Garcinia Cambogia has gained popularity as weight loss supplement during recent years. The active ingredient in Garcinia Combogia is Hydroxycitric acid. This acts by competitively inhibiting the enzyme ATP citrate lyase, resulting in alteration of the synthesis of fatty acids, cholesterol and triglycerides. Hydroxycitric acid promotes fat oxidation, normalizes lipid profiles and lowers serum leptin levels in obese patients [1]. While benefits exist, the side effects are undefined. Instances of acute pancreatitis following herbal supplement use particularly Garcinia Cambogia are limited. Two literature reports have cited serious side effects secondary to use of Garcinia Cambogia. One case report of acute hepatitis induced by Garcinia Cambogia [2] and one case of acute necrotizing eosinophilic myocarditis in a patient taking Garcinia Cambogia [3] is found in the literature. To date this represents the first case of acute pancreatitis caused by ingestion of Garcinia Cambogia. Other herbal supplements have been reported causing acute pancreatitis. A recent case demonstrated a link between an herbal supplement designed to enhance libido and acute pancreatitis in a previously healthy 28 year old female [4]. Several studies have shown a possible link between Garcinia Cambogia and oxidative stress.

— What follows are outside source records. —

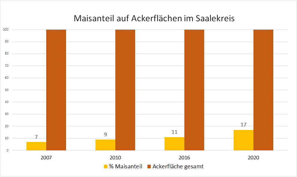 Auf der Grafik hat der VSR-Gewässerschutz die Entwicklung der Maisanbauflächen von 2007 bis 2020 im Kreis Saalekreis dargestellt. Die Monokulturen mit Mais haben bereits zu einer starken Nitratbelastung des Grundwassers geführt. Zukünftig muss hier noch weiter gehandelt werden, um die Nitratbelastung zu senken. Der VSR-Gewässerschutz kritisiert den hohen Einsatz von Mais in Biogasanlagen. Die Förderung von Biogasanlagen sollte auf nachhaltige Substrate abzielen. Die weitere Absenkung des Maisdeckel bei neu geförderten Anlagen auf 30 % ist ein Schritt in die richtige Richtung, reicht aber noch nicht.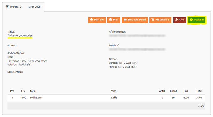 (NB! Du kan evt. se under Status se Afventer godkendelse, for at se at den pågældende ordre ikke er godkendt endnu.)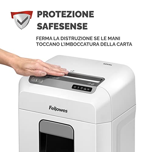 Fellowes Distruggidocumenti a microframmento 12Ms, 12 fogli, per casa e ufficio, con tecnologia SafeSense e retromarcia automatica, cestino da 23 litri, livello di sicurezza P4 [ESCLUSIVA AMAZON]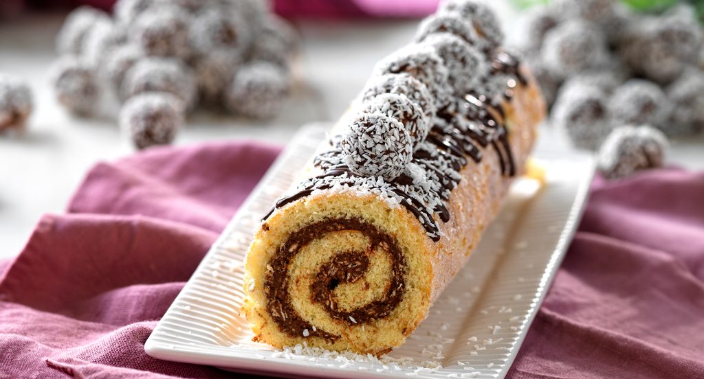 Rulltårta med chokladbollsfyllning
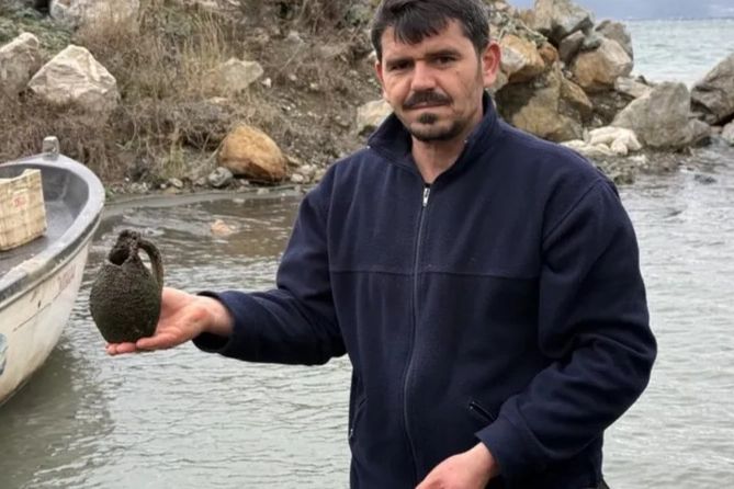Bursa'da kuraklığın etkisiyle su seviyesinin düştüğü İznik Gölü'nde balıkçıların ağına küp takıldı. Göllüce Mahallesi'nde yaklaşık 30 yıldır balıkçılık yapan Osman Erim, sabah saatlerinde kayığıyla göle açıldığı sırada ağlarına takılan garip bir cismi fark etti. Balığa benzemeyen nesneyi incelemek için hızla kıyıya çıkan Erim, ağları açtığında karşısında tarihi olduğu düşünülen bir küp buldu. Olayın duyulmasıyla birlikte mahalle sakinleri de kıyıya akın ederken, bulunan küp yetkililere teslim edildi.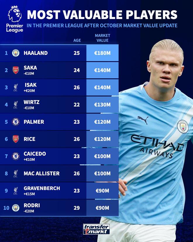 雷速体育10月17日讯 在刚刚更新的德转最新英超一期身价中,曼城队内福登和罗德里均下跌2000万欧元,同期英超下跌最多,两人已经跌出亿元先生俱乐部。 目前福登最新身价8000万欧元,罗德里最新身价9000万欧元,曼城队内目前仅剩哈兰德一位亿元先生,这位挪威前锋以1.8亿欧元领跑英超身价榜单。 |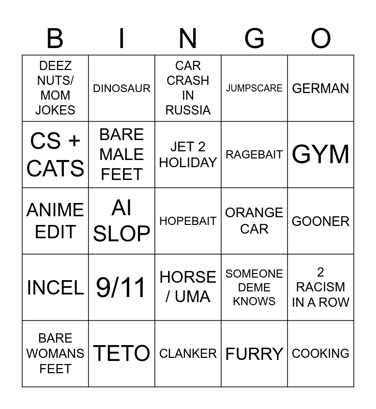 This bingo card has a free space and 24 words: 9/11, TETO, JET 2 HOLIDAY, BARE WOMANS FEET, GERMAN, DEEZ NUTS/ MOM JOKES, CS + CATS, DINOSAUR, ORANGE CAR, HORSE / UMA, RAGEBAIT, ANIME EDIT, SOMEONE DEME KNOWS, 2 RACISM IN A ROW, BARE MALE FEET, FURRY, GOONER, CAR CRASH IN RUSSIA, GYM, AI SLOP, COOKING, INCEL, JUMPSCARE and CLANKER.

It was observed by Kim et al. that supplementation with Garcinia Cambogia significantly up-regulated hepatic superoxide dismutase and glutathione peroxidase mRNA expression with concomitant increase in lipid peroxidation in the liver. This suggests an increase in antioxidant gene expression by Garcinia Cambogia as a compensatory response to increased oxidative stress [5]. Literature has established reactive oxygen species play an important role in the pathogenesis of acute pancreatitis. Specifically, increase in the rate of free radical generation mediated by lipid peroxidation can lead to oxidative damage secondary to oxidative stress [6]. Our case represents the first link between Garcinia Cambogia usage and pancreatic inflammation. We propose that this relationship could exist due to a possible increase in oxidative stress on the pancreas caused by the ingestion of Garcinia Cambogia. In our patient acute pancreatitis secondary to Garcinia Cambogia was made by exclusion. Given the temporal relationship between usage and disease onset a causative correlation was made between ingestion of the herbal supplement and acute pancreatitis. The full extent of the gastrointestinal side effects of this supplement is not yet elucidated and warrants further investigation.
We would like to thank and acknowledge Dr. Jay Nfonoyim for his continued support.
The authors declare that there are no conflicts of interest.